These students are ardently writing about Animal Farm, a political satire written as a cautionary tale against the evils of totalitarianism. For a writing teacher, this is a beautiful sight: sixteen energetic students writing and typing with confidence, using transitions, making connections between the text and the outside world, and working heartily right up to the bell. They have opinions and they aren’t afraid to share them.
They came to class with their books all marked up and tabbed. They brought in stacks of paper and laptops. They had outlines and graphic organizers ready to attack the topic. When we started the essay, they jumped right to it with a few questions, but plenty of confidence. You could hear pencils and pens scratching and keyboards clicking. It was a joyous sound.

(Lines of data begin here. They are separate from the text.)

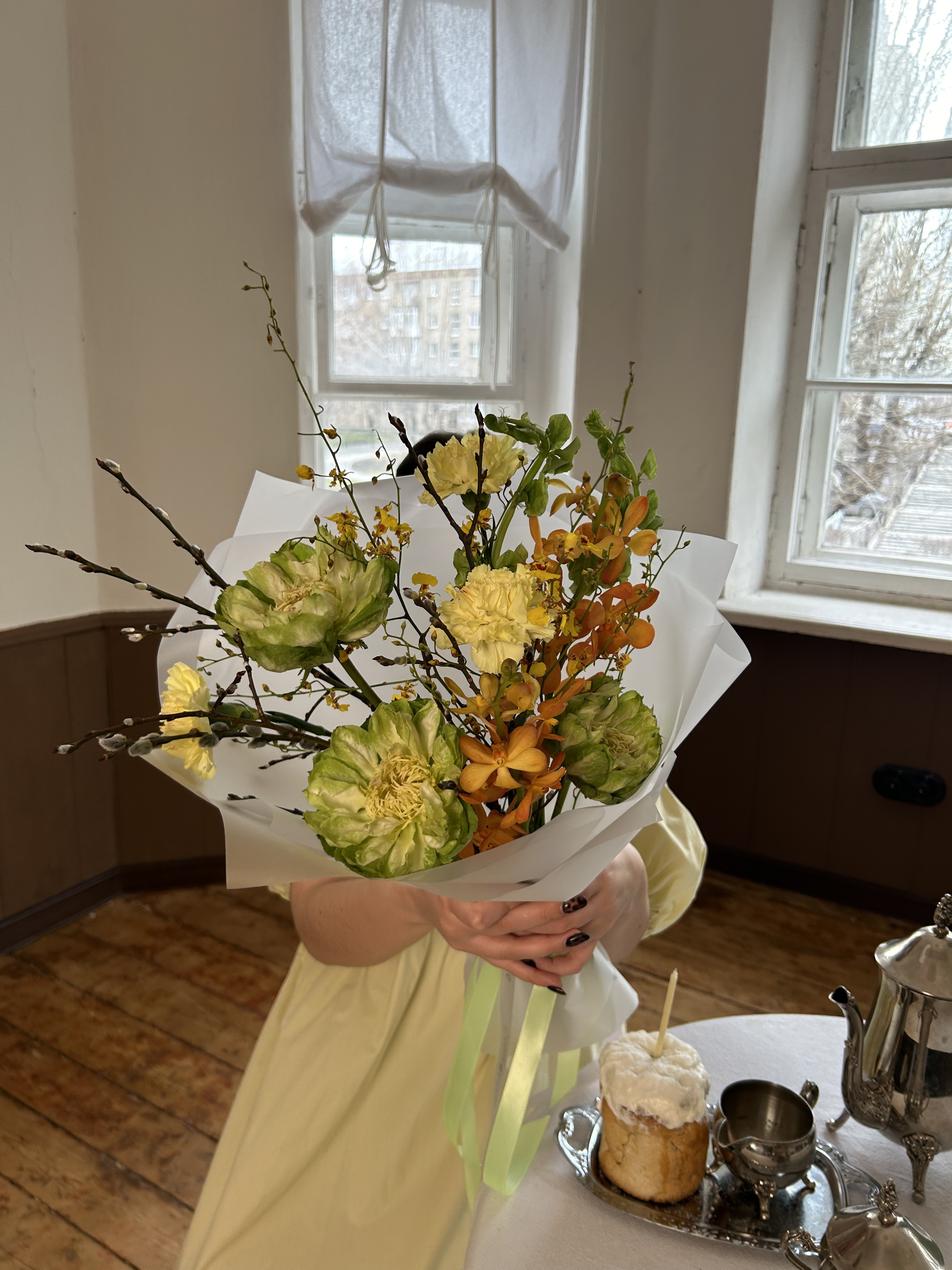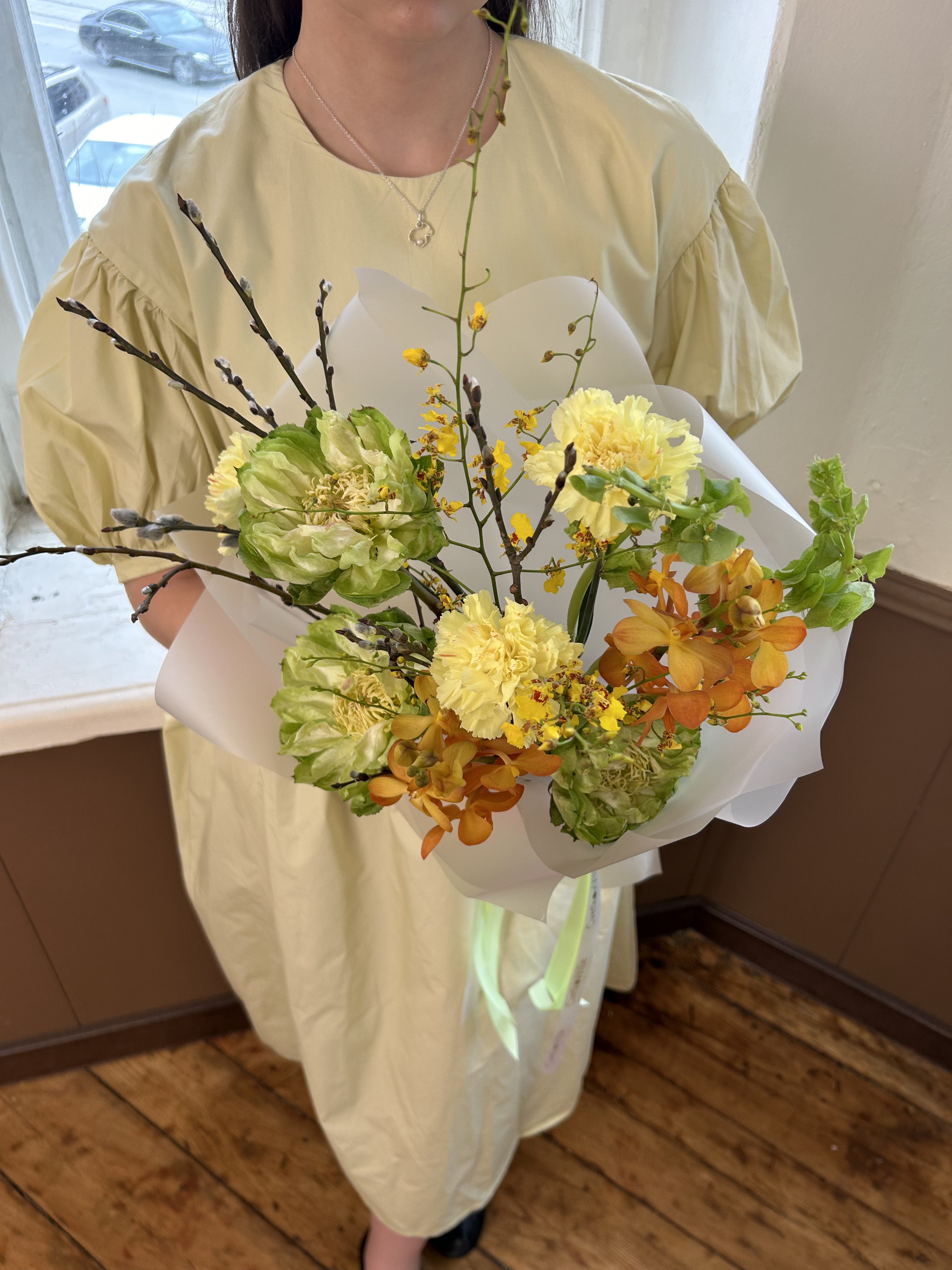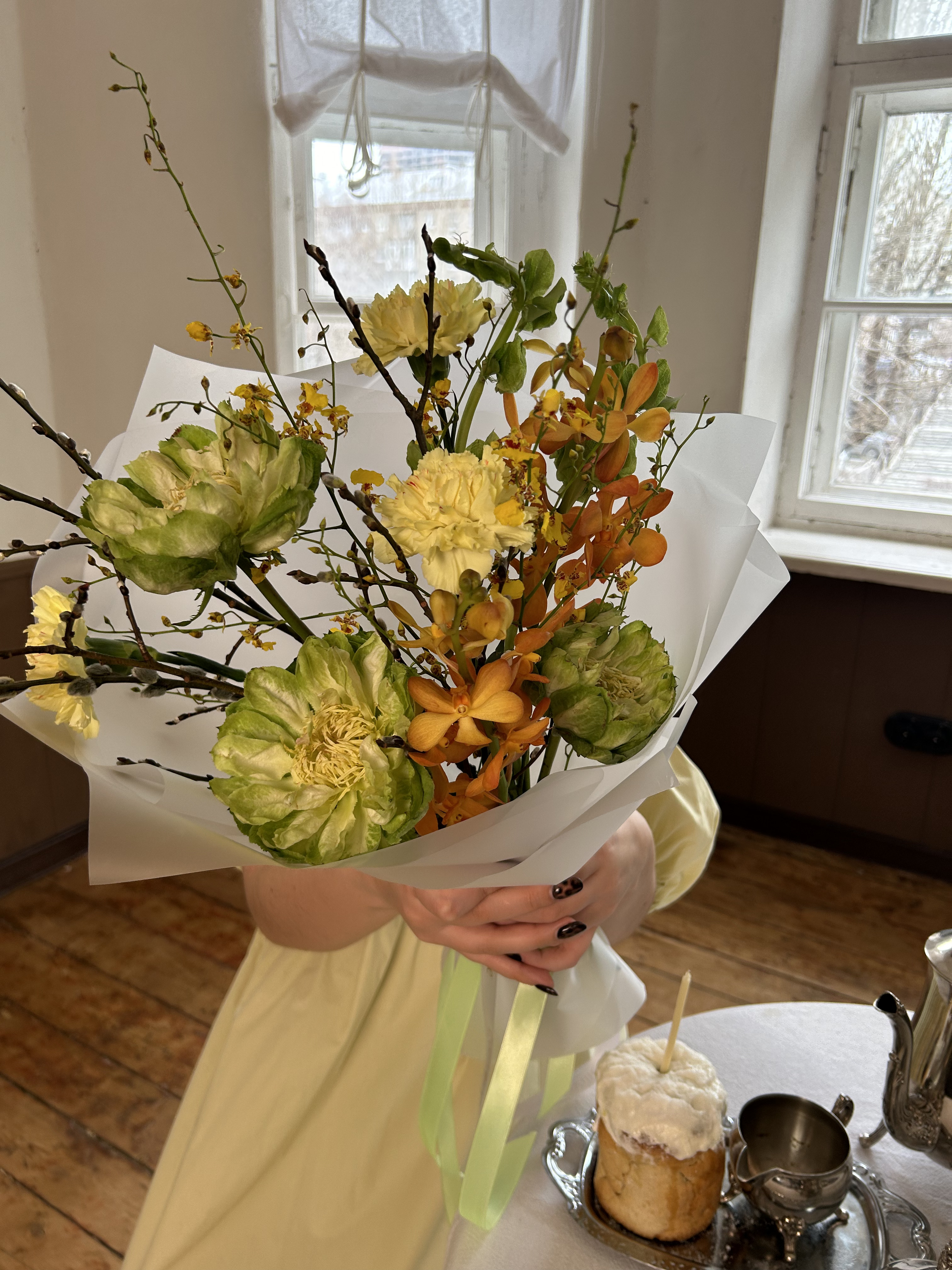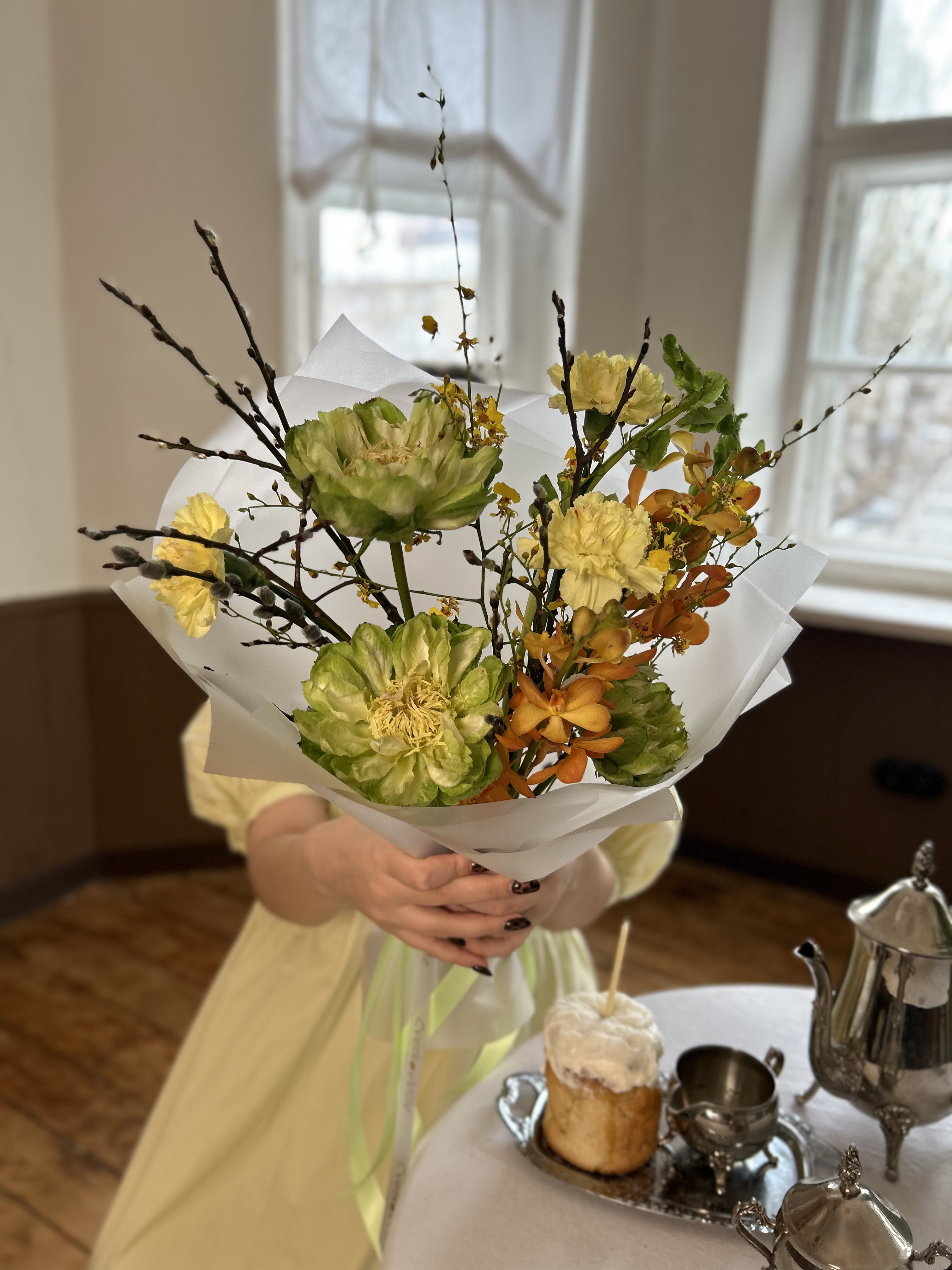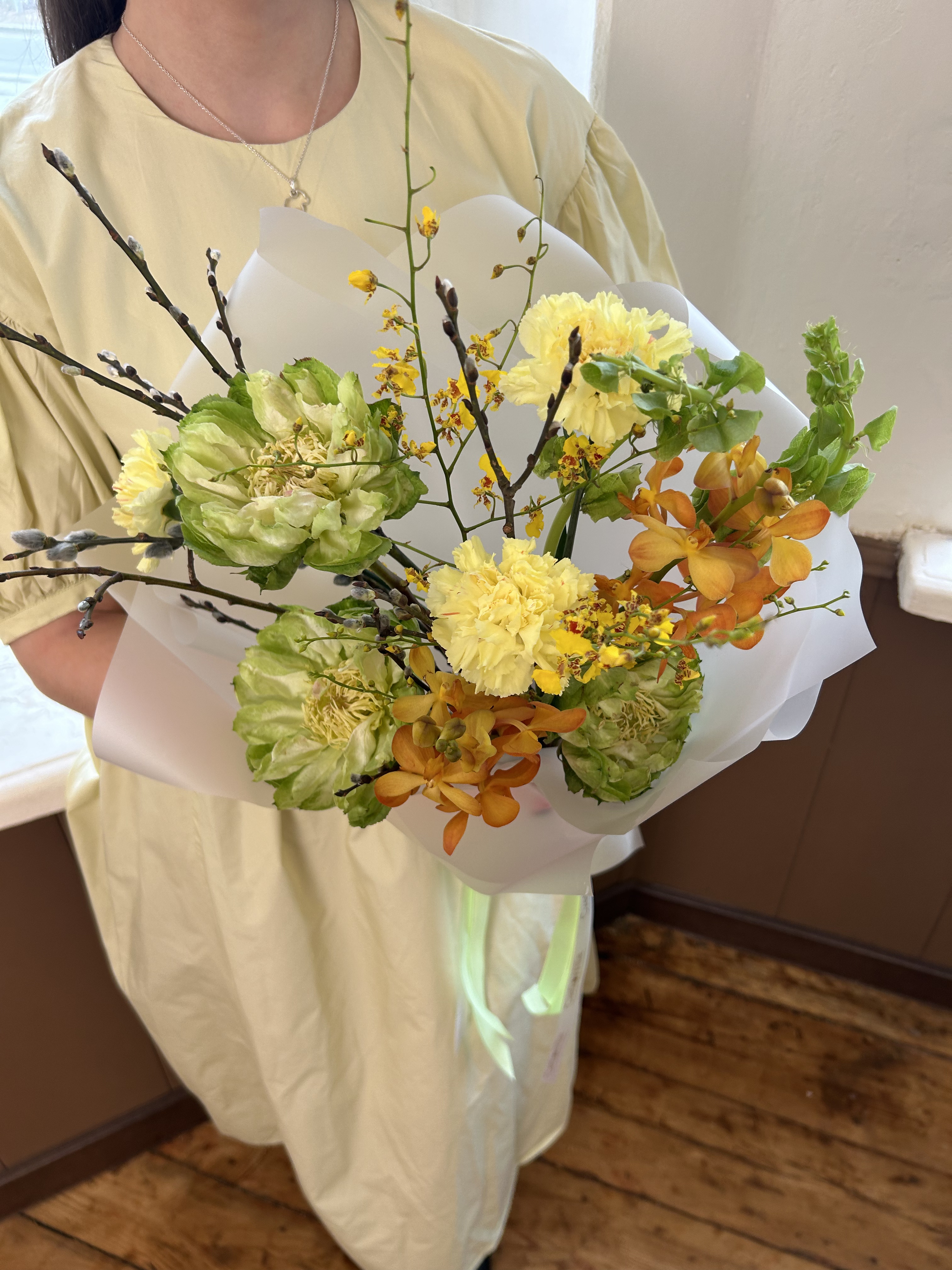 Верба — 4 шт., Орхидея онцидиум — 2 шт., Диантус цветной — 3 шт., Упаковка для цветов — 1 шт., Молюцелла — 2 шт., Роза Эквадор сорта Вегги (Veggie) — 3 шт., Лента атласная — 1 шт., орхидея мокара — 2 шт.
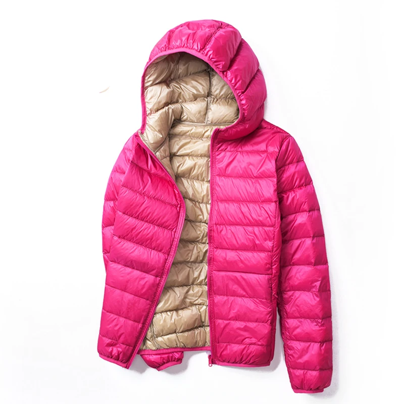 Новинка Осень-зима 2020, Двухсторонний пуховик, женское повседневное короткое пальто с капюшоном и длинным рукавом, ультра тонкий светильник, пуховик на утином пуху
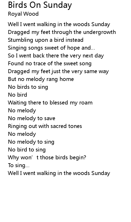 | Song | Birds On Sunday |
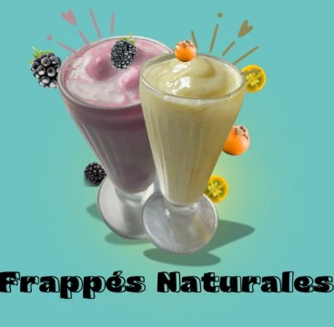 Frappé o granizado de frutas, 100 natural, hecho con gelato y acompañado de leche condensada.
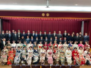 1月6日(火)昼ごろにウグイスホールにて、今年度に成人を迎える中高一貫の卒業生を対象として「二十歳のつどい」を実施しました。青春時代を共に鶯谷で過ごした仲間たちが久しぶりに母校に集まりました。

To prepare for this day, we read the novel, held a Socratic-style debate about the nature of leaders, tracked the characters and their role in the allegory, and closely read for propaganda and irony. They marked their books as they found catchy slogans, repetitive messages and spin.
Once we finished the book, I gave the students their topic for the in-class writing assignment. They had a week to organize their thoughts into a graphic organizer, gather evidence and ponder more on the topic. Because they had been marking their books all along, they were armed with all kinds of evidence to support their opinions. They were ready and I could tell.
When they finished, they turned in some weighty essays, nice and thick, double spaced. No one seemed to be at a loss for written words, another bonus!
What a wonderful writing teacher kind of day!
Now I have 16 hefty essays to grade! I’ll need to inspect these to see if they are as good as they look… to see if the proof is in the pudding. Better get right to bed. I’ll need some rest to tackle these.